Instructions to follow —
Only a single number is expected: how many lines of the data hold the word "over".

START The data

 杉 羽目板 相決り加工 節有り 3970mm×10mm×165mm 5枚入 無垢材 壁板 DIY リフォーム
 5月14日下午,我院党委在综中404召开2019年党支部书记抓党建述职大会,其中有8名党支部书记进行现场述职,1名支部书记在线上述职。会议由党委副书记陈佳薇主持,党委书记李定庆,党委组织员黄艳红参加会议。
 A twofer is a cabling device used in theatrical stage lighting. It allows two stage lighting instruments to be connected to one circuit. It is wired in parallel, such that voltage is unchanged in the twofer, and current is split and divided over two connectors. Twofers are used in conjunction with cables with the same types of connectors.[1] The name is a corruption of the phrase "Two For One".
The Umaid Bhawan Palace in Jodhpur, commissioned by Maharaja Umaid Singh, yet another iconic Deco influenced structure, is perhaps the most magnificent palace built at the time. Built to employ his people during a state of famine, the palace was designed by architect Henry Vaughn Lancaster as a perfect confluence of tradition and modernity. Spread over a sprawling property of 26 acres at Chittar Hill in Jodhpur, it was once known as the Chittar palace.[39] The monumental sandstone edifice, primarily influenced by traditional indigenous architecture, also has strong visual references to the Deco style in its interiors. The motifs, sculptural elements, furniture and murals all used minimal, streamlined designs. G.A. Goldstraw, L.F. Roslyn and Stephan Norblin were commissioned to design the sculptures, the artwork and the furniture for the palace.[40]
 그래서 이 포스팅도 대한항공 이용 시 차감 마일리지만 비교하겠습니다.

END The data
START The data

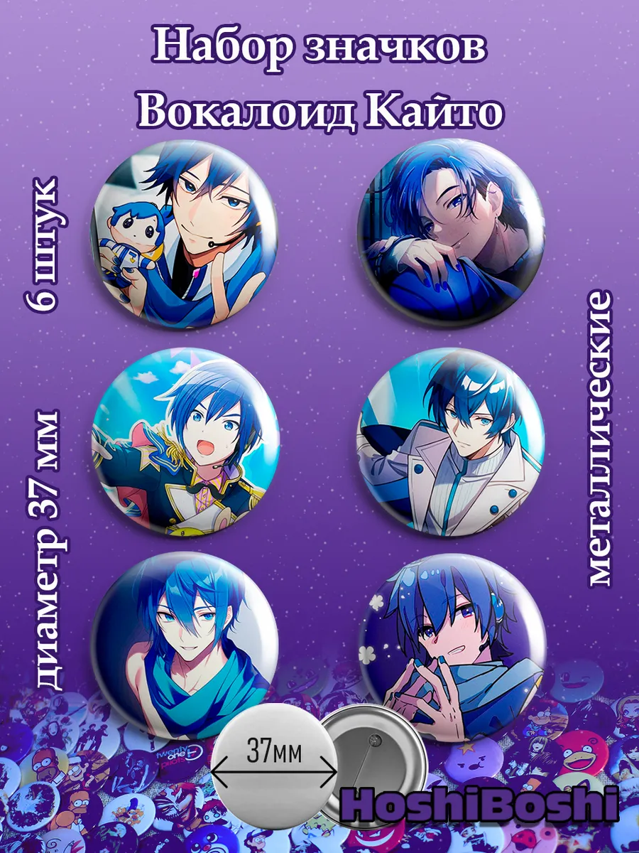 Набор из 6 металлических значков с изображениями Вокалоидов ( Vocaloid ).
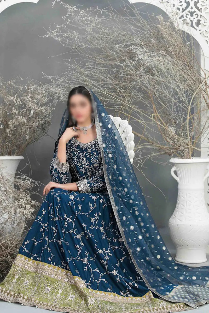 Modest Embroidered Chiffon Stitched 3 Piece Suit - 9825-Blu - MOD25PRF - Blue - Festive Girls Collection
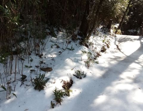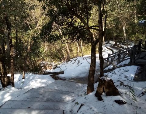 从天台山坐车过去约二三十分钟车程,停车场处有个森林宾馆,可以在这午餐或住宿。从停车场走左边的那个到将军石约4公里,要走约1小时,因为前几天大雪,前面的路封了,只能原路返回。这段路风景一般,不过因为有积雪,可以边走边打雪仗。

END The data

Response to this exercise —
2